Untuk informasi, ada beberapa saran yang bisa dipertimbangkan ketika anda ingin membuka peternakan sapi.

  • PSapi ditempatkan dalam satu kandang koloni.
  • Jangan mengikat hidung dan leher sapi karena membatasi geraknya, hal ini bisa membuat sapi stres dan kontra-produktif dengan yang kita harapkan.
  • Bila ada sapi yang hamil, pisahkan dia dari koloni. Tujuannya adalah supaya petugas dapat memantau sapi tersebut dengan lebih baik dan lebih intensif. Selain itu tempatkan dia pada kandang yang lebih mudah dijangkau supaya pemberian pakan sapi lebih mudah.
  • Buatlah kandang sapi yang terpadu. Tujuannya adalah memudahkan petugas untuk memantau kesehatan sapi, meringankan biaya pakan, dan memudahkan pembeli sapi untuk memilih sapi yang dikehendaki. Bahkan kalau bisa juga ada rumah pemotongan hewan di setiap areal kandang jadi lebih praktis.
  • Sebisa mungkin bebaskan sapi untuk berkeliaran di areal kandang. Ini sangat penting bagi perkembangan daging sapi. Tekstur daging yang dihasilkan barangkali akan sedikit lebih keras, tetapi justru lebih sehat. Kita tentu pernah melihat ada sapi yang selalu dikurung sejak kecil, bahkan untuk menggemukkan juga dengan cara disuntik. Mereka tidak bisa berjalan karena kandang sempit dan tak pernah dibiarkan keluar. Ini bukanlah cara yang disarankan untuk membesarkan sapi.

:: Pemain Bisnis Sapi Lokal

Setiap bisnis jual beli sapi biasanya sudah melalui beberapa jalur tertentu. Struktur yang hendak dituliskan di sini adalah apa yang umumnya terjadi di pedesaan di masyarakat Jawa. Paling tidak inilah pihak-pihak yang turut bermain dalam bisnis sapi lokal:

  • Blantik. Ini adalah pemain yang sering dianggap dominan dalam bisnis sapi lokal. Mereka mendatangi warga di pedesaan untuk menawar sapi mereka. Kemudian mereka beli untuk dijual ke pasar. Fungsinya mirip dengan makelar atau perantara.
  • Penarik Sapi di Pasar. Sesampainya dibawa blantik ke pasar hewan, siapa yang membawanya ke “kios”? Penarik sapi inilah yang bertugas melakukannya. Ibaratnya, di pelabuhan ada kuli yang mengangkut barang dari kapal ke truk (dan sebaliknya), di pasar hewan ada posisi ini.
  • Pengelola Pasar hewan. Mereka yang bertugas di pasar hewan, menyediakan fasilitas-fasilitas yang sekiranya diperlukan oleh pembeli maupun penjual di dalamnya.
  • Jagal/pemotong. Mereka yang bertugas memotong sapi untuk kemudian diberikan kepada pembeli.
  • Transportasi. Sudah jelas, mereka bertugas membawa sapi dari penduduk ke pasar hewan, dari pasar hewan ke tempat lain yang barangkali dikehendaki pembeli.
  • Petugas Kesehatan Hewan. Mereka yang memastikan sapi yang di peternakan dan akan dijual telah memenuhi syarat kesehatan.
  • Petani Ternak. Mereka yang membesarkan sapi hingga siap dijual. Di pedesaan biasanya satu keluarga memiliki 1 hingga 3 sapi. Namun dengan modal yang besar, seorang pengusaha bisa memulai peternakan dengan ratusan hingga ribuan ekor sapi.
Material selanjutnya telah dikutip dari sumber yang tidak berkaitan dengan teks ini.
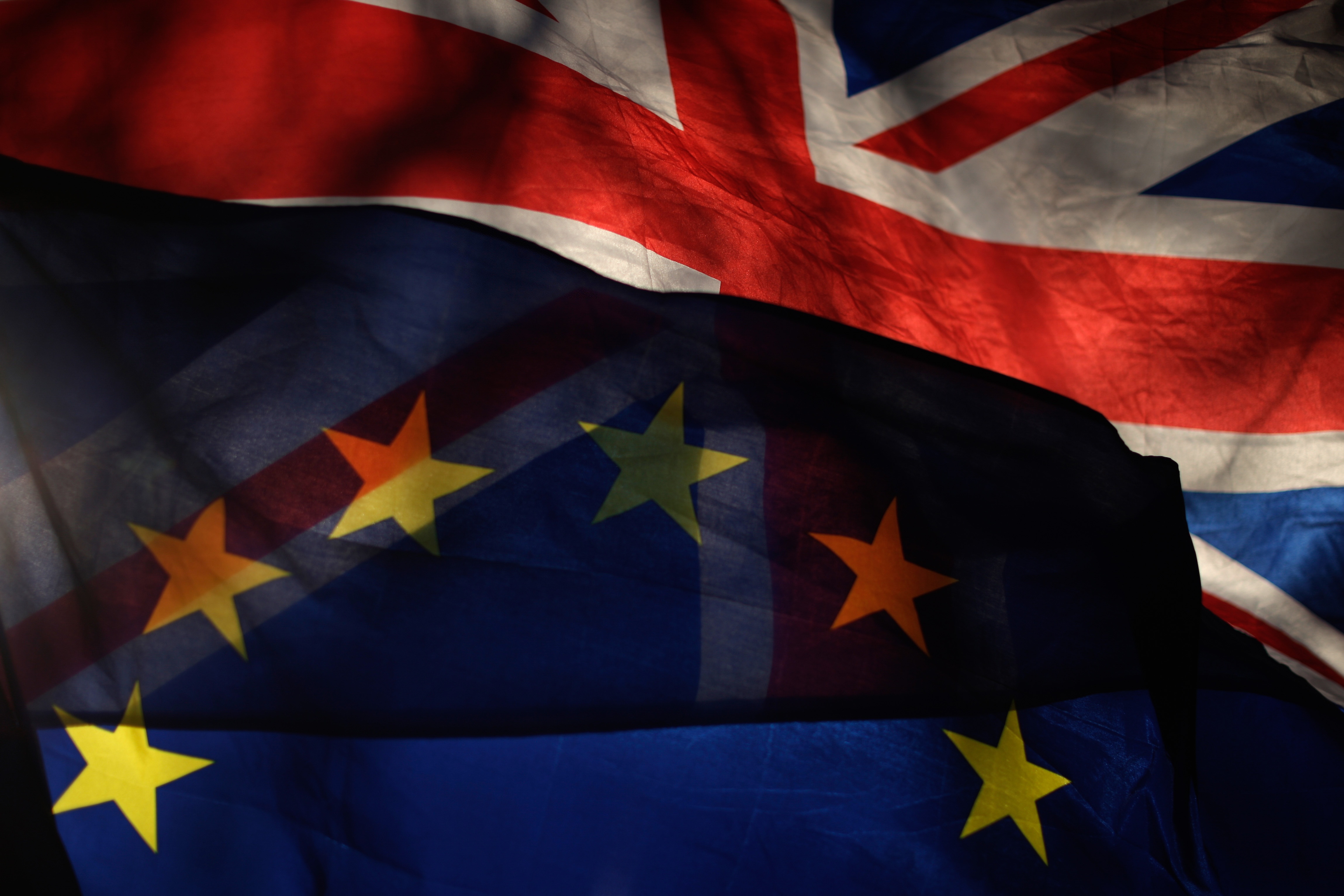 An EU flag is seen in front of a UK flag outside the Houses of Parliament in London, Britain, on Jan. 17, 2019. (Xinhua/Tim Ireland)

Itulah pemain bisnis sapi yang memang relatif panjang. Hal ini sering dituding menjadi penyebab harga daging sapi relatif tinggi, karena rantai bisnisnya terlalu panjang. Namun saat ini petani ternak dimudahkan oleh teknologi—sejauh ada sinyal internet di pedesaan. Mereka bisa menawarkan langsung sapi mereka kepada pembeli, sehingga ada rantai bisnis yang disingkat. Harapannya tentu saja harga juga menjadi lebih terjangkau. Selain itu adanya komunitas online juga memungkinkan petani ternak untuk berbagi informasi penting satu sama lain.